***** Recorded information

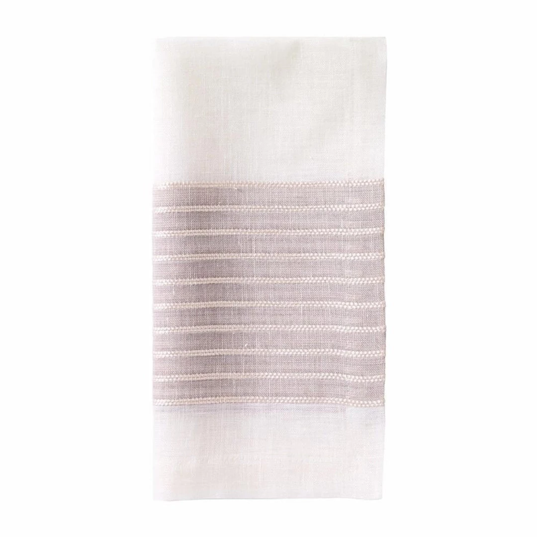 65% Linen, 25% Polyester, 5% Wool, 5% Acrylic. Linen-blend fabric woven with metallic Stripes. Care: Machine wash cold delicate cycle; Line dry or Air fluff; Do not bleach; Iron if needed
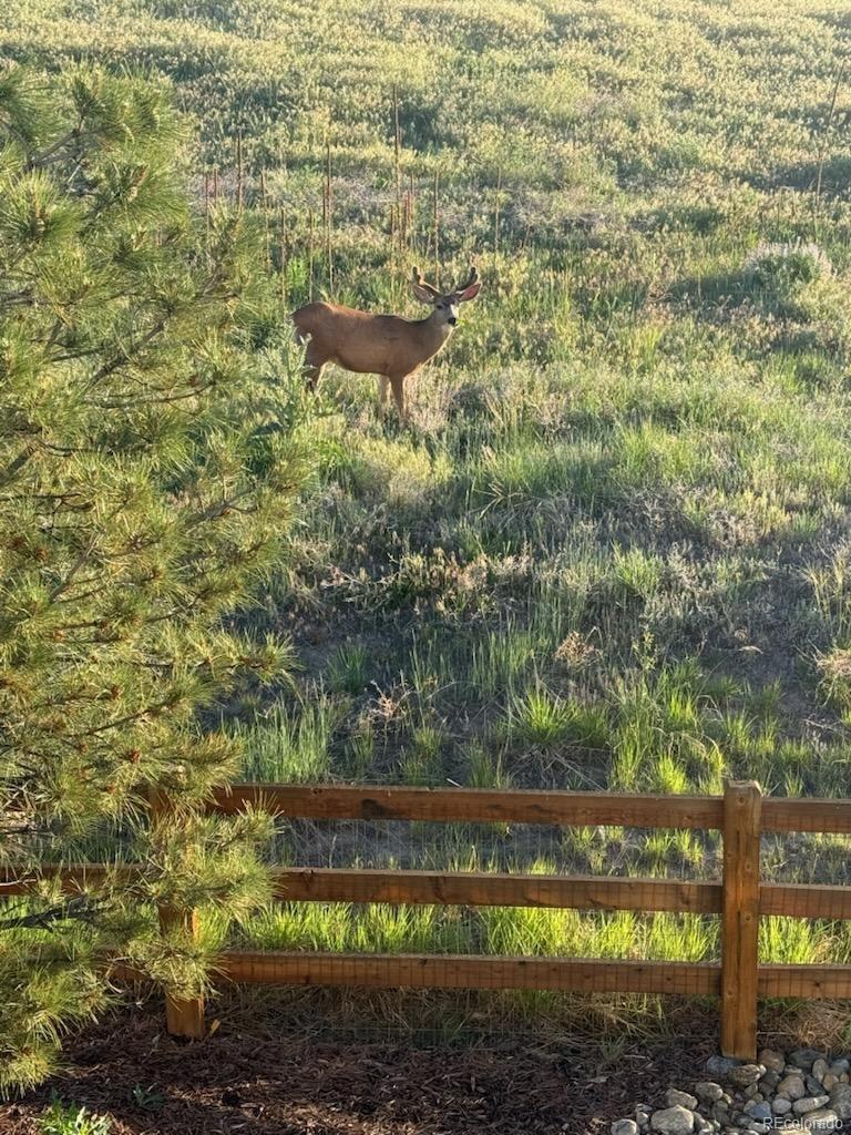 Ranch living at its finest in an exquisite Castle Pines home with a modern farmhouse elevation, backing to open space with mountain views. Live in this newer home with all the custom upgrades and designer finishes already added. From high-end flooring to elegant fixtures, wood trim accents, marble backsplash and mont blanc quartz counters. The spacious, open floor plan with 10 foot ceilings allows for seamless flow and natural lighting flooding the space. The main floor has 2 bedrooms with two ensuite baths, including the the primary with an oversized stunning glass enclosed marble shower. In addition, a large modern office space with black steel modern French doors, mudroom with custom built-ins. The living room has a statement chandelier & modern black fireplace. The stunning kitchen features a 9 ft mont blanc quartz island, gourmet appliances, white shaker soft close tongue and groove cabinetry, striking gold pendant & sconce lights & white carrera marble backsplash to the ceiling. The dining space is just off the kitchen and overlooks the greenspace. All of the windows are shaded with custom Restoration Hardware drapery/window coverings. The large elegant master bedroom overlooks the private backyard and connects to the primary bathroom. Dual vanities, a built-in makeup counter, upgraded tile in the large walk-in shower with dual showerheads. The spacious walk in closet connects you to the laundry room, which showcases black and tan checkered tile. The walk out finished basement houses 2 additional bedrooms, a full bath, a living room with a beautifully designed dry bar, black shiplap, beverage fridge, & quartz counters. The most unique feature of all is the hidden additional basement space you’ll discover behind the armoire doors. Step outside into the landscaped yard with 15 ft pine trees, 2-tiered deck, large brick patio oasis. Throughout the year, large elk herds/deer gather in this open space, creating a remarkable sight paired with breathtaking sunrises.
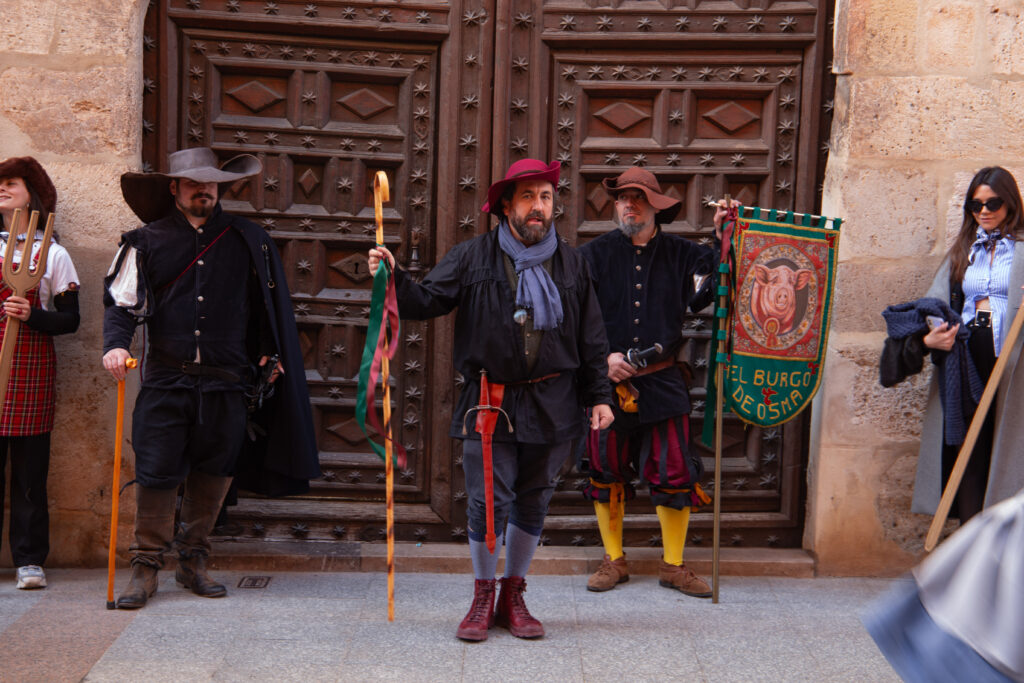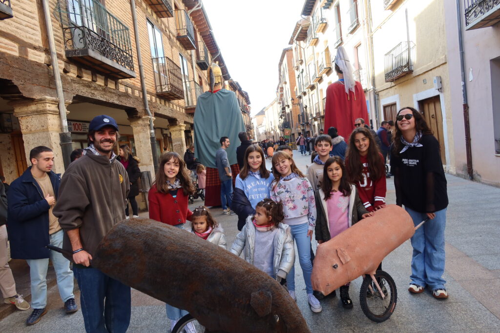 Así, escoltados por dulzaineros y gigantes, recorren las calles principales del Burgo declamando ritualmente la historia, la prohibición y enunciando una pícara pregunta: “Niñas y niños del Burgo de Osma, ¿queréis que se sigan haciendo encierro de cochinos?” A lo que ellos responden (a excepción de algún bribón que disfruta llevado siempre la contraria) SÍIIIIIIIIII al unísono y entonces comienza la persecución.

**********
***** Recorded information

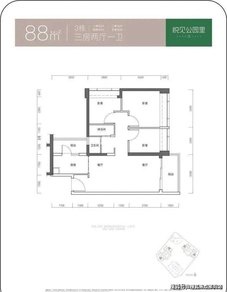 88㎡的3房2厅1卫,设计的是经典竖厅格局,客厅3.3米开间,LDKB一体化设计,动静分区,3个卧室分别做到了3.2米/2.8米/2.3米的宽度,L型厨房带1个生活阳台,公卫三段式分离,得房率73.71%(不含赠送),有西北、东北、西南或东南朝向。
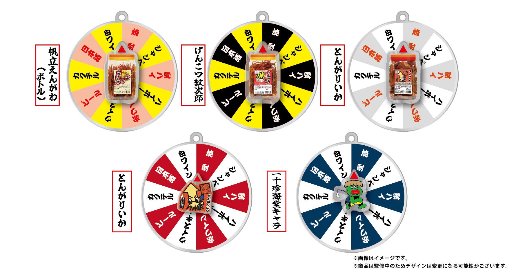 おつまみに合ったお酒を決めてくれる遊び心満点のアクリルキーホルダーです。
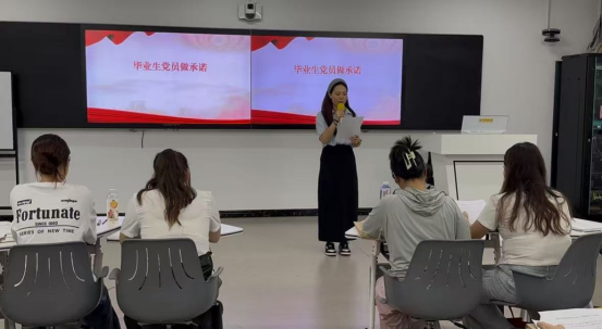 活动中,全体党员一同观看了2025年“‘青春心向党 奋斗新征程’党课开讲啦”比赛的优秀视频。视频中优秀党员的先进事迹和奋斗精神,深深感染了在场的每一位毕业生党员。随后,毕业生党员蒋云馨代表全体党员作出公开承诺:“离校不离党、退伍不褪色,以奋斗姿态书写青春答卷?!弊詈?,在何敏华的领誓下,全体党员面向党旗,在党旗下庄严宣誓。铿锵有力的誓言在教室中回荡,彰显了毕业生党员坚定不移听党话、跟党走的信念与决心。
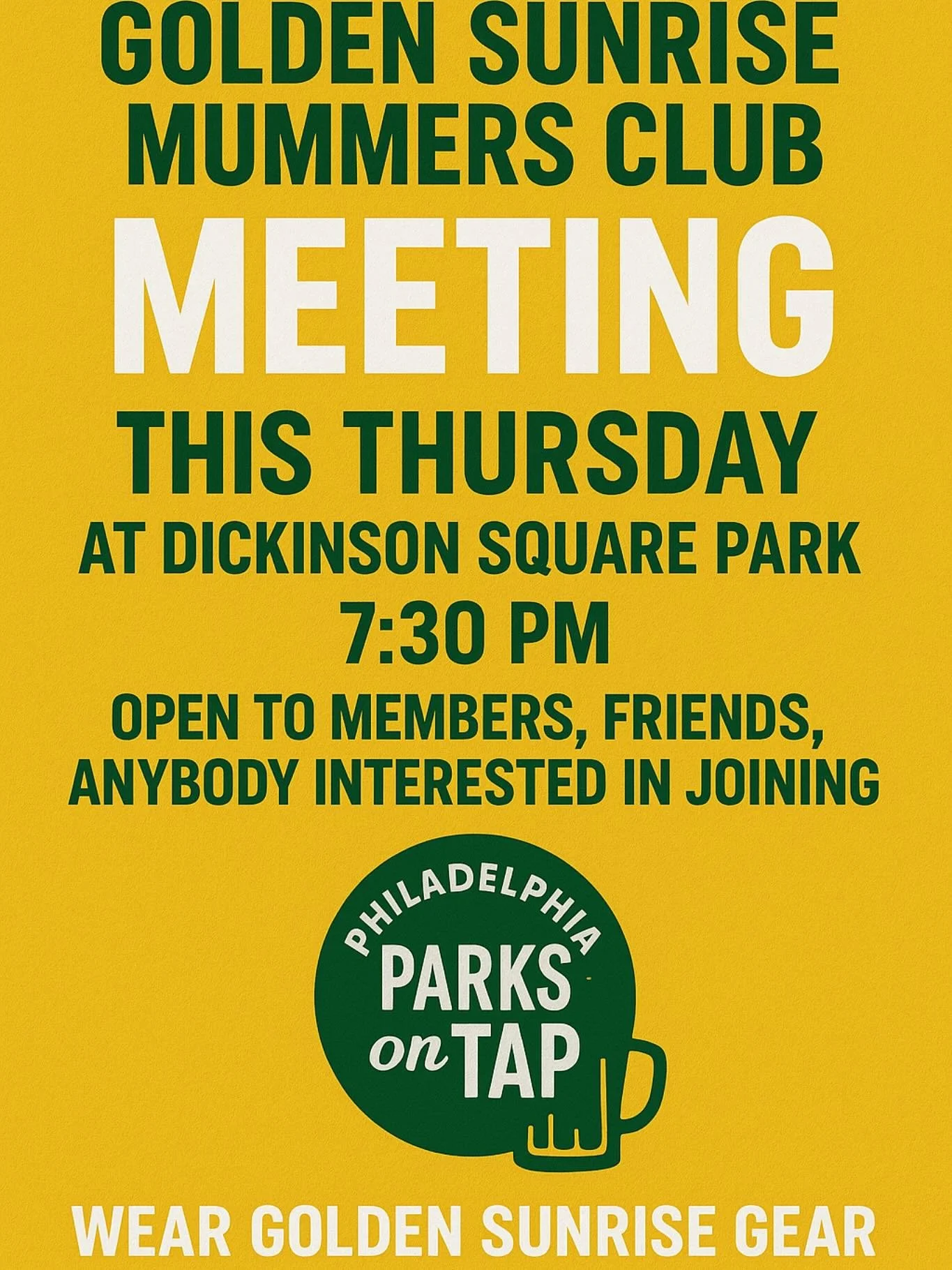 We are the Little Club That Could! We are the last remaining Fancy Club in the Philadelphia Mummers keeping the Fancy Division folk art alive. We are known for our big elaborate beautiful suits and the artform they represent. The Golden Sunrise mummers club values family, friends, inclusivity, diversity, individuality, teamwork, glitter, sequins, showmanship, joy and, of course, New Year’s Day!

**********
***** Recorded information

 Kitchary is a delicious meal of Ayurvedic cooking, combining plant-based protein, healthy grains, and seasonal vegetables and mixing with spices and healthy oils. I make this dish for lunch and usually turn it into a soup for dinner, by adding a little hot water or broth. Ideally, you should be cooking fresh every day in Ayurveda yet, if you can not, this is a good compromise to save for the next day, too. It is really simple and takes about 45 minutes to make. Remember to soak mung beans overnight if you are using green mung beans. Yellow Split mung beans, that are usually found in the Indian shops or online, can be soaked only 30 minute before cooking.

**********

Could you transcribe exactly the entries above, but only the lines from the one with "88㎡的3房2厅1卫,设计的" through the one with "We are the Little", and without pictures?

 88㎡的3房2厅1卫,设计的是经典竖厅格局,客厅3.3米开间,LDKB一体化设计,动静分区,3个卧室分别做到了3.2米/2.8米/2.3米的宽度,L型厨房带1个生活阳台,公卫三段式分离,得房率73.71%(不含赠送),有西北、东北、西南或东南朝向。
 おつまみに合ったお酒を決めてくれる遊び心満点のアクリルキーホルダーです。
 活动中,全体党员一同观看了2025年“‘青春心向党 奋斗新征程’党课开讲啦”比赛的优秀视频。视频中优秀党员的先进事迹和奋斗精神,深深感染了在场的每一位毕业生党员。随后,毕业生党员蒋云馨代表全体党员作出公开承诺:“离校不离党、退伍不褪色,以奋斗姿态书写青春答卷?!弊詈?,在何敏华的领誓下,全体党员面向党旗,在党旗下庄严宣誓。铿锵有力的誓言在教室中回荡,彰显了毕业生党员坚定不移听党话、跟党走的信念与决心。
 We are the Little Club That Could! We are the last remaining Fancy Club in the Philadelphia Mummers keeping the Fancy Division folk art alive. We are known for our big elaborate beautiful suits and the artform they represent. The Golden Sunrise mummers club values family, friends, inclusivity, diversity, individuality, teamwork, glitter, sequins, showmanship, joy and, of course, New Year’s Day!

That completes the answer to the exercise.